» Work order
Your reply should hold every entry below exactly as written and none of the pictures.

» Source records

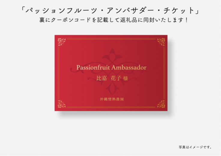 今回ご支援下さった方には、来年度のご予約分を25%割引でご購入いただける「パッションフルーツ・アンバサダー・チケット」を箱に同封いたします。カード裏に記載されたクーポンコードは、沖縄情熱農園ホームページにて何度でもご使用いただけます。一味違ったオシャレな贈り物として、パッションフルーツをご活用頂ければと思います。
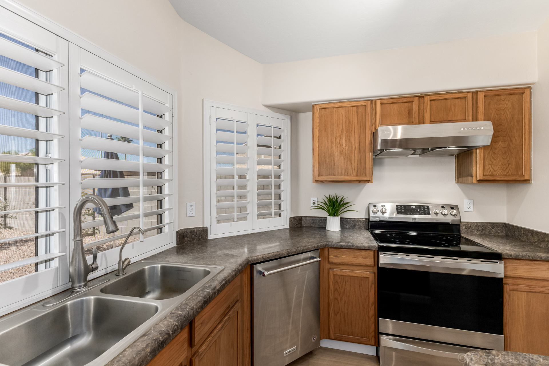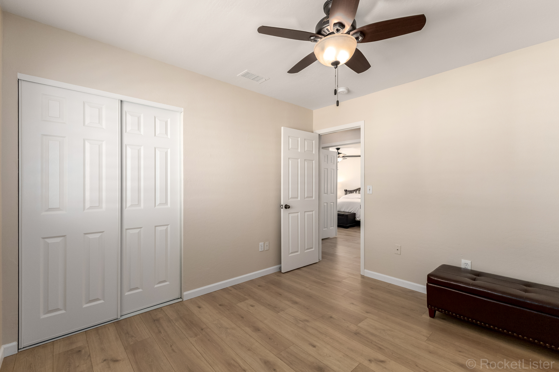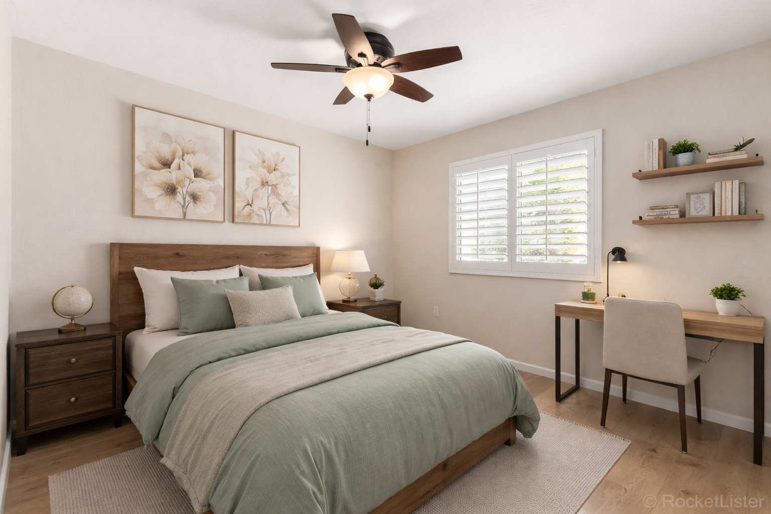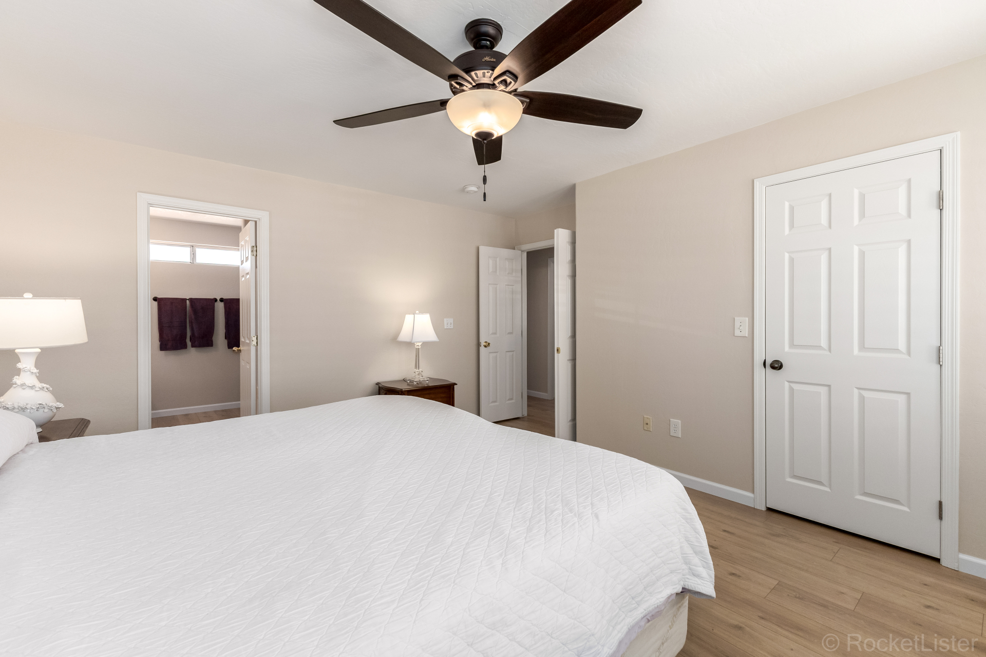 Bright and beautifully updated, this move-in ready home features a spacious layout with expansive ceilings & abundant natural light. Fresh neutral tones, new interior paint, & luxury plank flooring create a modern, inviting feel, while plantation shutters add timeless charm throughout. The kitchen boasts a center island, walk-in pantry, & stainless steel appliances. The versatile downstairs bonus room offers flexible living space for an office, playroom, guest space, or 2nd family room! Upstairs, enjoy a spacious primary suite plus two secondary bedrooms. Situated on a large corner lot with covered patio & low-maintenance artificial turf; perfect for relaxing or entertaining. No unexpected expenses here: Brand new roof, 2023 hot water heater & newer AC! Just move in and enjoy!
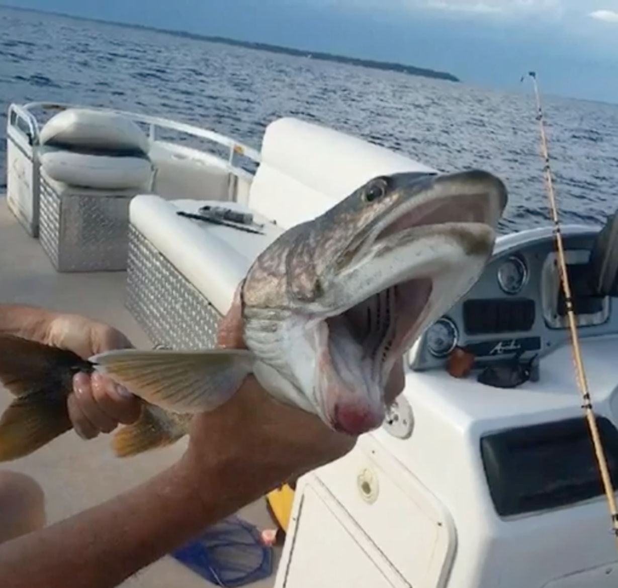 2019年08月23日兩張嘴的謎樣生物!美國紐約女子紀德斯(Debbie Geddes)在尚普蘭湖釣魚時,她完全不敢相信自己居然釣到罕見的魚,牠的嘴巴竟然有超過一個…臉書粉專「Knotty Boys Fishing」發言人也覺得怪,直呼是前所未見的怪事!
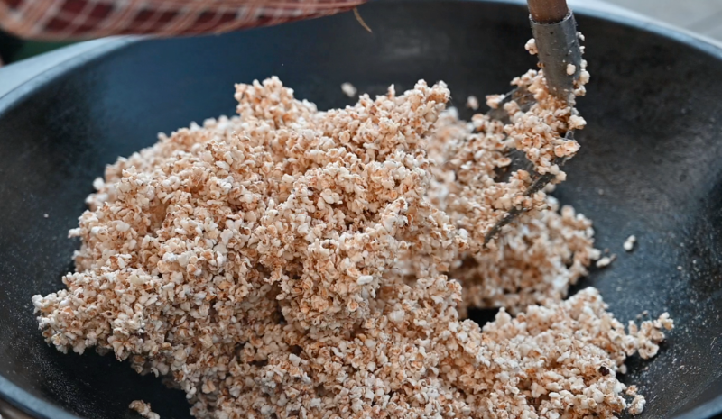 在历口镇光辉村,沈国梁一家一大早便开始忙碌起来。手工制作谷花糖要经过炒米花、熬糖、压实、切割等多道工序,过程复杂繁琐,火候与技术缺一不可,往往需要亲友邻里共同协作。
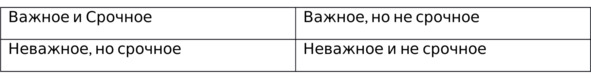 Матрица Эйзенхауэра представляет собой квадрат, разделенный на четыре секции:
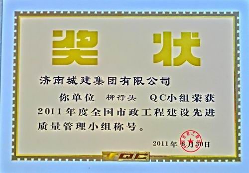 “柳行头”QC小组荣获2011年度天下市政工程建设先进质量治理小组称呼
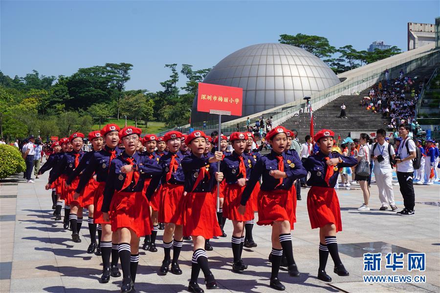 9月21日,深圳市梅麗小學學生進行中式步操展示。(新華社 王曉丹 攝)
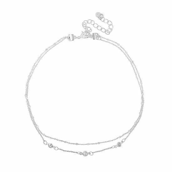 This gorgeous silver tone cubic zirconia 2-row choker necklace is the perfect way to finish any outfit.

» Written solution
 今回ご支援下さった方には、来年度のご予約分を25%割引でご購入いただける「パッションフルーツ・アンバサダー・チケット」を箱に同封いたします。カード裏に記載されたクーポンコードは、沖縄情熱農園ホームページにて何度でもご使用いただけます。一味違ったオシャレな贈り物として、パッションフルーツをご活用頂ければと思います。
 Bright and beautifully updated, this move-in ready home features a spacious layout with expansive ceilings & abundant natural light. Fresh neutral tones, new interior paint, & luxury plank flooring create a modern, inviting feel, while plantation shutters add timeless charm throughout. The kitchen boasts a center island, walk-in pantry, & stainless steel appliances. The versatile downstairs bonus room offers flexible living space for an office, playroom, guest space, or 2nd family room! Upstairs, enjoy a spacious primary suite plus two secondary bedrooms. Situated on a large corner lot with covered patio & low-maintenance artificial turf; perfect for relaxing or entertaining. No unexpected expenses here: Brand new roof, 2023 hot water heater & newer AC! Just move in and enjoy!
 2019年08月23日兩張嘴的謎樣生物!美國紐約女子紀德斯(Debbie Geddes)在尚普蘭湖釣魚時,她完全不敢相信自己居然釣到罕見的魚,牠的嘴巴竟然有超過一個…臉書粉專「Knotty Boys Fishing」發言人也覺得怪,直呼是前所未見的怪事!
 在历口镇光辉村,沈国梁一家一大早便开始忙碌起来。手工制作谷花糖要经过炒米花、熬糖、压实、切割等多道工序,过程复杂繁琐,火候与技术缺一不可,往往需要亲友邻里共同协作。
 Матрица Эйзенхауэра представляет собой квадрат, разделенный на четыре секции:
 “柳行头”QC小组荣获2011年度天下市政工程建设先进质量治理小组称呼
 9月21日,深圳市梅麗小學學生進行中式步操展示。(新華社 王曉丹 攝)
 This gorgeous silver tone cubic zirconia 2-row choker necklace is the perfect way to finish any outfit.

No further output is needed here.